The general subject of foreign labor laws was presented in a series of articles published in the bulletins of this office, Nos. 25 to 33, from which, however, the subject of railway labor was excluded. Railway employments have been discussed in several special articles which have appeared from time to time, but as these confined themselves mainly to the economic phases of the subject, legislation was but lightly touched upon. It is the purpose ci this review to present the laws and decrees in force in commercial countries other than the United States, which have for their object the fixing of the conditions of labor employed in the operation of railways, including provisions as to the conditions of employment and discharge, the employment of women, the regulation of the hours of labor and of holidays, the determination of wages, the right of organization, penalties for the abandonment of service, etc.
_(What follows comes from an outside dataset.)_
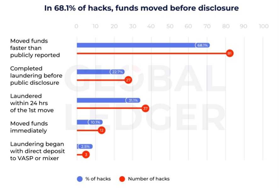 Global Ledgerin toimitusjohtaja ja toinen perustaja Lex Fisun huomautti, että yli 68 %:ssa tapauksista hakkerit siirsivät varoja ennen kuin hyökkäyksestä tiedettiin julkisesti.
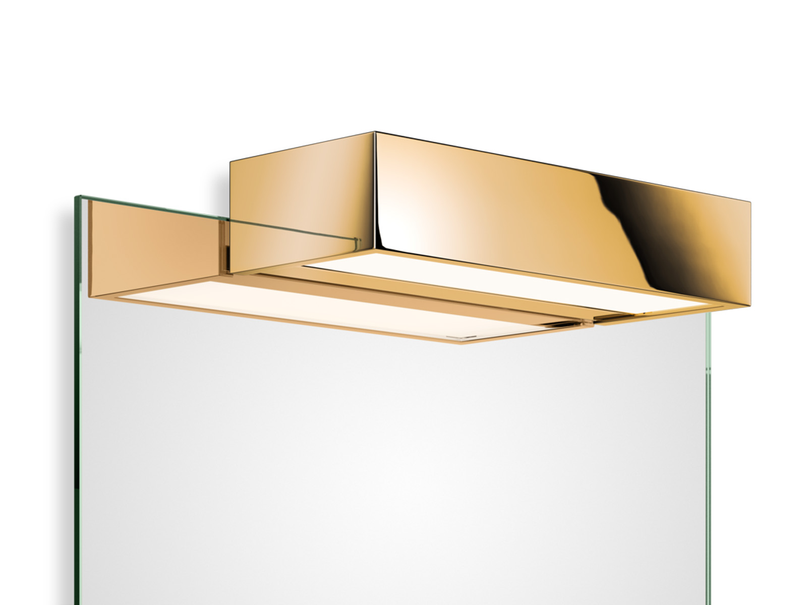 Elegancka długa lampa o prostokątnym kształcie, szeroka listwa o długości 25 cm przypinana bezinwazyjnie na górny brzeg lustra.

No special compilation of either railway laws or of labor laws was available in the case of most of the countries, while those in existence had generally to be supplemented by examinations of the more recent enactments. It was necessary, therefore, to search through a considerable body of general legislation in order to find the desired material. Besides special treatises on the railway laws of Austria-Hungary and Germany, general compilations examined were the Annuaire de la Législation du Travail, nine volumes, published by the Belgian labor office; the French Annuaire de Législation Étrangère, thirtytwo volumes, and the Zeitschrift des Zentralamtes für den internationalen Eisenbahntransport, twelve volumes, published at Berne. Some data were also obtained from the gazettes or bulletins of the labor offices of Canada, France, Italy, and of the British Board of Trade, and from the Archiv für Eisenbahnwesen, the organ of the Prussian State railways office. The official annual publications of the laws and decrees of Austria, Belgium, France, Germany, Great Britain, Italy, Netherlands, and Spain were examined for a number of years, usually ending with the year 1905.

The arrangement of material is by topics rather than by countries, and the form is that of a summary statement or digest, without any attempt to reproduce in full the language of the original law.